I’ve been in a relationship since I was 15, I grew up as 1 of 5 children, and when I moved to London I lived with a group of friends that I regard as family. My point is I had never been alone until the day I got on that plane. That’s when I began to blossom. I didn’t change per ce, I just became a more well rounded me, like Hope version 2.0. Do you know what I mean? Anyway for the first 2 weeks it was hell, every fibre of my being wanted to run, just get on a plane and leave. But I didn’t. I stuck it out. And I am so glad I did. I learnt a lot on those nights before the kids arrived at camp when I walked back to my 80 year old log cabin in the pitch black and freezing cold. Changing for bed in the piercing silence and getting into my tiny camping bed propped up by milk crates, being so cold I couldn’t sleep because I was physically shaking. Attempting to fall asleep to the sound of the waves lapping at the edge of the Lake that lay just outside my window, totally alone in the middle of the wilderness. The experience was life changing. I now knew that being alone was ok, actually it was pretty great. I went on to make some of the best friends I will ever have, but I also began to relish in my moments alone.
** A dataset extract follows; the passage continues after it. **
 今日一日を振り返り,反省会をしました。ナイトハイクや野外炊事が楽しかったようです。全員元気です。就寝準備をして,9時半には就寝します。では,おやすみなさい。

In my hours off I would take a book and sunbathe on the docks of the lake, or take a bicycle and see where it took me, and I ended up loving it.
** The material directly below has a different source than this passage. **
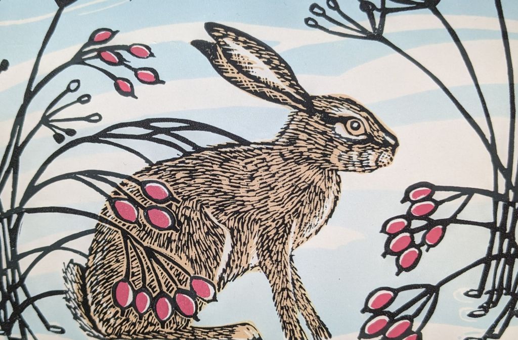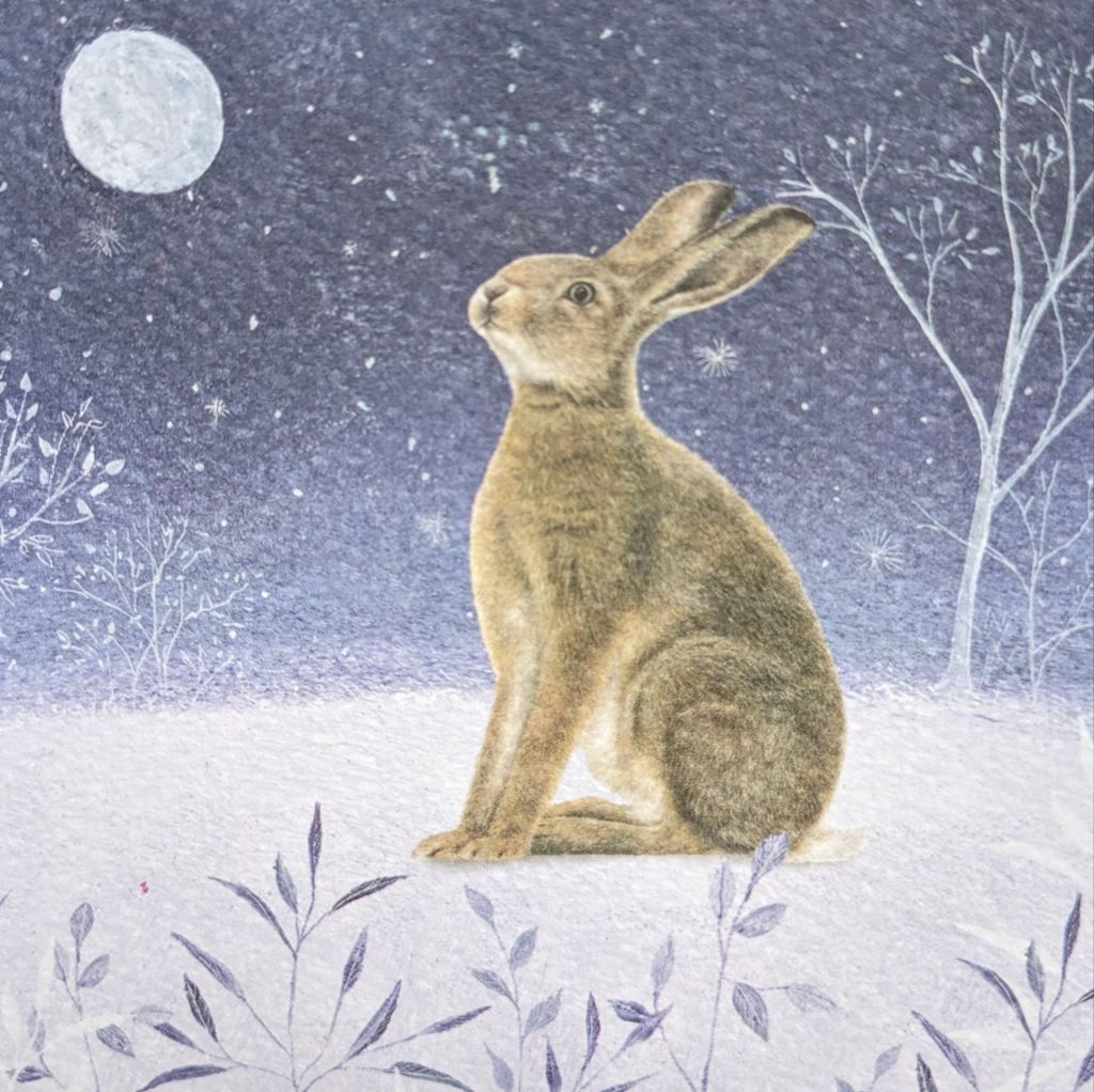 I am drawn to Hares, there is an elegance about a hare that a rabbit simply doesn’t have. The elongated body and oversized ears give them an unmistakable profile on the very rare occasions when they are seen out and about. Hares were a popular subject on Christmas cards that we received this year.

The next stage of my trip was in Australia. Flying to Australia from the UK alone seems like a scary thing to do and people often ask me why I did it alone. Why not? You have to take risks to have fun don’t you? As it goes as soon as you get on the plane you realise just how easy it is. The actual flight that is. When I landed I was to stay with relatives of mine that I had never met before, it was daunting. They turned out to be the most beautiful family I have ever encountered and I learnt so much from them. However that first awkward night when they showed me to my room, I shut the door and had the crushing realisation that I was as far away from the people I love as I possibly could be, I felt lonely. Fortunately by this point I had the experience to deal with these feelings and turn them into something positive. During the days when everyone was at work I went out and explored. I walked for miles, exploring beaches, rivers and towns. I took the bus when I didn’t know where I was going and I had mini solo adventures. It was very freeing.
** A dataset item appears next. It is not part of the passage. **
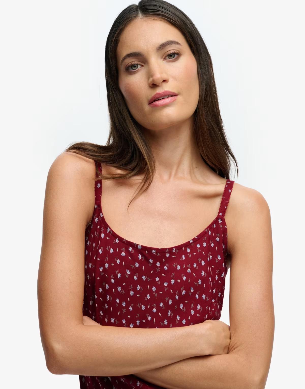 Superdry Printed cami maxi dress in bordeaux red ditsy floral

Again in New Zealand I was staying with more extended family. They are Maori and it was a bit of a culture shock. But wow, what phenomenally loud happy people they were! They accepted me whole heartedly, immersing me into their way of life head first and letting me sleep on the floor of the guest room with my cousins. However it is hard to fit into an already extremely close family, but the trick is to get stuck in! I was quiet at first while I was finding my feet amongst an array of strong personalities. The children were scared of me, they had never met someone from England before and they didn’t know if I spoke the same language as them (English) it was funny. The adults asked me questions like “What’s spotted dick?” but I won them over by baking them my famous apple crumble.
I emerged from my travelling experience stronger than when I went in, and I put it down to being able to be alone. The secret is to enjoy your alone time, fill it with meaning and adventure and you will be rewarded tenfold.
There is no shame in spending time alone, it’s very empowering and spiritual.